What is auto-regressive model mean in Text-to-Speech or Speech-to-text models?

10.02.2023 — NLP, STT, TTS — 3 min read

Auto-regressive models are types of statistical models used in both Text-to-Speech(TTS) and Speech-to-Text(STT) applications.

In TTS, an auto-regressive model generates speech by predicting the next audio sample based on the previous samples in a sequence. This is achieved by training the model on a large corpus of speech data, where the target is to predict the audio sample at each time step given the previous samples. The models is trained to learn the statistical relationships between the speech signal and the corresponding text representation, allowing it to generate speech that sounds natural.

The output at each time step is conditioned on the previous outputs, hence the name "auto-regressive.” An auto-regressive TTS model typically consists of two parts: an encoder that converts the input text into a continuous representation, and a decoder that generates the speech signal one step at a time based on the continuous representation. The decoder uses an autoregressive architecture, where the output at each time step is conditioned on the previous outputs and the continuous representation.

Auto-regressive TTS models have been widely used for TTS tasks and have achieved high-quality results. However, they can be slower and more computationally intensive compared to parallel TTS models, as the decoder must generate speech one step at a time. Nevertheless, recent advances in deep learning techniques have enabled faster auto-regressive TTS models, making them more suitable for real-time applications.

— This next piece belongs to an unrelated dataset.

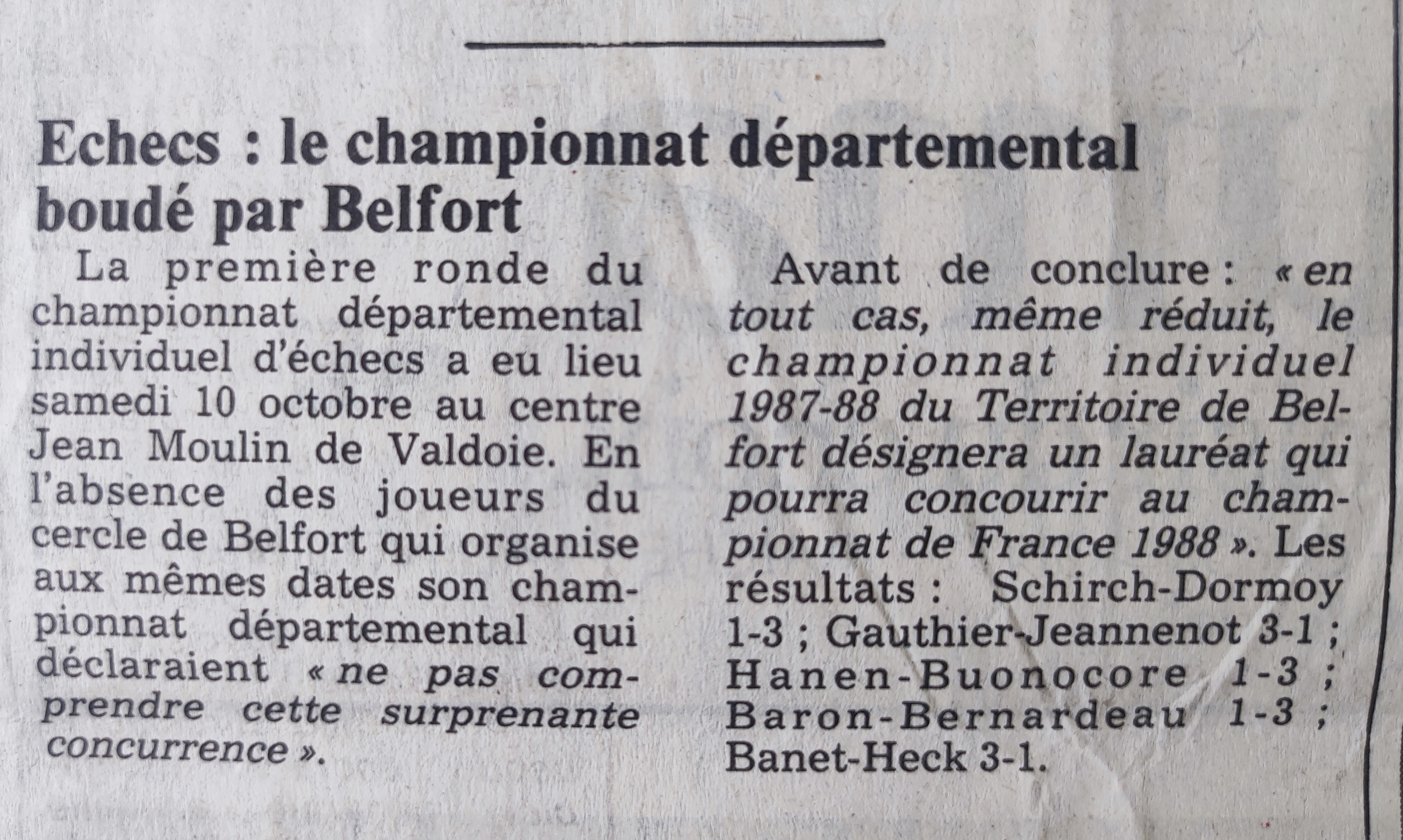 ![]() La première ronde du championnat départemental individuel d'échecs a eu lieu samedi 10 octobre au centre Jean Moulin de Valdoie. En l'absence des joueurs du cercle de Belfort qui organise aux mêmes dates son championnat départemental qui déclaraient « ne pas comprendre cette surprenante concurrence ». Avant de conclure : « en tout cas, même réduit, le championnat individuel 1987-88 du Territoire de Belfort désignera un lauréat qui pourra concourir au championnat de France 1988 ». Les résultats : Schirch-Dormoy 1-3; Gauthier-Jeannenot 3-1; Hanen-Buonocore 1-3; Baron-Bernardeau 1-3; Banet-Heck 3-1. |

In TTS, an auto-regressive model transcribes speech into text by predicting the next word in a sentence given the previous words. The model is trained on large datasets of speech and text to learn the statistical relationships between speech and text, allowing it to transcribe speech accurately

Auto-regressive models are widely used in TTS and STT due to their ability to capture long-term dependencies in the data and generate high-quality outputs. These models are also highly scalable and can be trained on large datasets in parallel, making them an attractive option for building TTS and STT system

Keywords / Terminologies:

Auto-regressive models: A type of statistical model that generates an output based on a sequence of previous inputs or outputs. In TTS and STT, auto-regressive models are used to generate speech or transcribe speech into text.
Text-to-Speech (TTS): A technology that converts written text into spoken language, allowing computers to "speak" to users. TTS systems use auto-regressive models to generate speech that sounds natural.
Speech-to-Text (STT): A technology that converts spoken language into written text, allowing computers to transcribe speech into a written form. STT systems use auto-regressive models to transcribe speech into text accurately.
Statistical model: A mathematical model that describes the statistical relationships between variables. Auto-regressive models in TTS and STT are statistical models that learn the relationships between speech and text.
Audio sample: A single unit of audio data representing a small part of the speech signal. In TTS, the auto-regressive model generates audio samples that represent speech.
Time step: The discrete time interval at which the audio samples are generated in TTS. The auto-regressive model generates an audio sample for each time step based on the
Speech signal: The physical representation of speech, typically in the form of an audio waveform. In TTS, the auto-regressive model generates the speech signal from text.
Text representation: The written representation of speech, typically in the form of words and sentences. In TTS, the text representation is used as input to generate the speech signal.
Natural speech: Speech that sounds like it was produced by a human, as opposed to speech that sounds robotic or artificial. TTS systems aim to generate natural speech by training auto-regressive models on large corpora of speech data.
Transcribe speech: The process of converting spoken language into written text. In STT, auto-regressive models are used to transcribe speech into text.
Word prediction: The process of predicting the next word in a sentence based on the previous words. In STT, auto-regressive models use word prediction to transcribe speech into text.
Statistical relationships: The mathematical relationships between variables, as described by statistical models. In TTS and STT, auto-regressive models learn the statistical relationships between speech and text to generate high-quality outputs.
Long-term dependencies: Relationships between inputs or outputs that persist over long sequences of time. Auto-regressive models in TTS and STT capture long-term dependencies in the speech and text data to generate high-quality outputs.
High-quality outputs: Outputs that are accurate, natural-sounding, or otherwise desirable. In TTS and STT, auto-regressive models aim to generate high-quality outputs that sound like natural speech or transcribe speech accurately.
Parallel training: The process of training a model on multiple data samples simultaneously, using multiple processors or computers. In TTS and STT, parallel training is used to speed up the training process and allow auto-regressive models to be trained on large datasets.